Yes, mayonnaise is a colloid. Specifically, it’s a type of colloid called an emulsion, where tiny droplets of one liquid are suspended throughout another liquid. In mayo’s case, oil droplets are dispersed in a water-based mixture of egg yolk, vinegar, and lemon juice. This makes it an oil-in-water emulsion, even though oil makes up the majority of the product by weight.
What Makes Mayo a Colloid
A colloid is a mixture where particles of one substance are evenly dispersed throughout another, but the particles are too large to dissolve and too small to settle out on their own. Colloid particles range from about 1 to 1,000 nanometers. Solutions, by contrast, have particles small enough to dissolve completely, while suspensions have particles large enough to eventually sink to the bottom.
Mayonnaise fits the colloid definition because its oil exists as tiny, stable droplets suspended in a watery phase. In commercially made mayo, those oil droplets typically measure between 3 and 7 micrometers in diameter. That’s far too small to see individually with the naked eye, which is why mayo looks smooth and uniform rather than oily. If you could zoom in with a microscope, you’d see millions of individual oil spheres packed tightly together.
Colloids share a few signature traits: they don’t separate on standing (at least not quickly), they can’t be separated by simple filtration, and they scatter light. That light-scattering property is called the Tyndall effect. When light passes through a true solution like saltwater, it travels straight through because the dissolved particles are too small to interfere. In a colloid, the dispersed particles are large enough to deflect light, making the beam visible. Mayo’s opaque, creamy white appearance is itself a result of oil droplets scattering light in all directions.

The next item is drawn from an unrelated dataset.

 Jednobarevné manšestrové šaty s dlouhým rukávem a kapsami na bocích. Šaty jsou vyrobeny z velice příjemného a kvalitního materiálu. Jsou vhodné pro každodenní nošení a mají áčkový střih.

How Egg Yolk Holds It Together
Oil and water don’t mix on their own. If you simply shook oil and vinegar together, the oil would quickly float back to the top. Mayo stays stable because egg yolk acts as an emulsifier, a substance that sits at the boundary between oil and water and keeps the two from separating.

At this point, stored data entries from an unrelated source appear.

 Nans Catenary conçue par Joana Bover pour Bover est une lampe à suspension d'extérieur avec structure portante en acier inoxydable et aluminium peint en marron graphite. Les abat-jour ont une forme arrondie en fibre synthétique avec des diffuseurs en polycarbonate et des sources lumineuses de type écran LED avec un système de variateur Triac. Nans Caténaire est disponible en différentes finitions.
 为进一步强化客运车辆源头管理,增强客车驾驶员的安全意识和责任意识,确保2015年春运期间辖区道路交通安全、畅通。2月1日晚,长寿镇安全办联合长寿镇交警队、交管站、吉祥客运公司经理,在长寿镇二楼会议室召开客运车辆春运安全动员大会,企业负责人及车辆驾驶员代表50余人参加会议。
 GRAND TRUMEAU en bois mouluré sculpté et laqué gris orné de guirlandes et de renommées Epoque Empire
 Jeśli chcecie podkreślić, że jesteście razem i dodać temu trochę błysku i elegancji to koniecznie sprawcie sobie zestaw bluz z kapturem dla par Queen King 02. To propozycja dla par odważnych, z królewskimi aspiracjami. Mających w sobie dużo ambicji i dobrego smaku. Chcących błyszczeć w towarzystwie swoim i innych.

The key molecule doing this work is lecithin, a type of phospholipid found in egg yolk. Lecithin molecules have a split personality: one end is attracted to water, and the other end is attracted to oil. When you whisk oil into egg yolk, lecithin molecules arrange themselves around each tiny oil droplet, with their oil-loving ends pointing inward and their water-loving ends pointing outward into the surrounding liquid. This creates a protective coating that prevents oil droplets from merging back together. Proteins in the egg yolk also get absorbed at the oil-water boundary, adding a second layer of structural reinforcement.
Why It Contains So Much Oil
Despite being classified as an oil-in-water emulsion (meaning oil is dispersed in water, not the other way around), mayonnaise is overwhelmingly oil. The FDA requires that any product labeled “mayonnaise” contain at least 65% vegetable oil by weight. Most commercial recipes hover around 70 to 80%.
This creates an unusual situation. The oil droplets are so tightly packed that they press against one another, which is what gives mayo its thick, semi-solid texture rather than the runny consistency you might expect from a liquid emulsion like milk. Smaller droplets pack even more tightly. Research measuring different mayonnaise samples found that those with smaller oil droplets (around 4.5 micrometers) were noticeably firmer than those with larger droplets (around 6.8 micrometers).
What Happens When Mayo “Breaks”
A broken mayonnaise is one where the emulsion has failed. Instead of a smooth, creamy spread, you get a greasy, separated mess. This happens when oil droplets lose their protective coating and merge back together, a process called coalescence.
Several things can trigger this. Adding oil too quickly while making mayo from scratch overwhelms the emulsifier, leaving droplets uncoated. Temperature extremes cause problems too: refrigerating mayo below freezing can rupture the emulsifier layer, and excessive heat destabilizes it. Vigorous shaking or stirring after the emulsion has set can also break it apart.
If your homemade mayo breaks, the fix relies on the same science that created the emulsion in the first place. Start a fresh egg yolk in a clean bowl and very slowly whisk the broken mixture into it. The new yolk provides fresh lecithin and proteins to re-coat the oil droplets, rebuilding the emulsion from scratch.
Other Colloid Types for Comparison
Emulsions like mayonnaise are just one category of colloid. The classification depends on what’s dispersed in what:
- Liquid in liquid (emulsion): mayo, milk, salad dressing
- Solid in liquid (sol): paint, blood, muddy water
- Gas in liquid (foam): whipped cream, shaving cream
- Liquid in gas (aerosol): fog, hair spray
- Solid in gas (aerosol): smoke, dust in air
- Gas in solid (solid foam): marshmallow, styrofoam
Butter is an interesting counterpart to mayo. While mayo is oil droplets dispersed in water (oil-in-water), butter is water droplets dispersed in fat (water-in-oil). Both are emulsions and both are colloids, but their continuous phases are reversed, which is why they behave so differently at room temperature.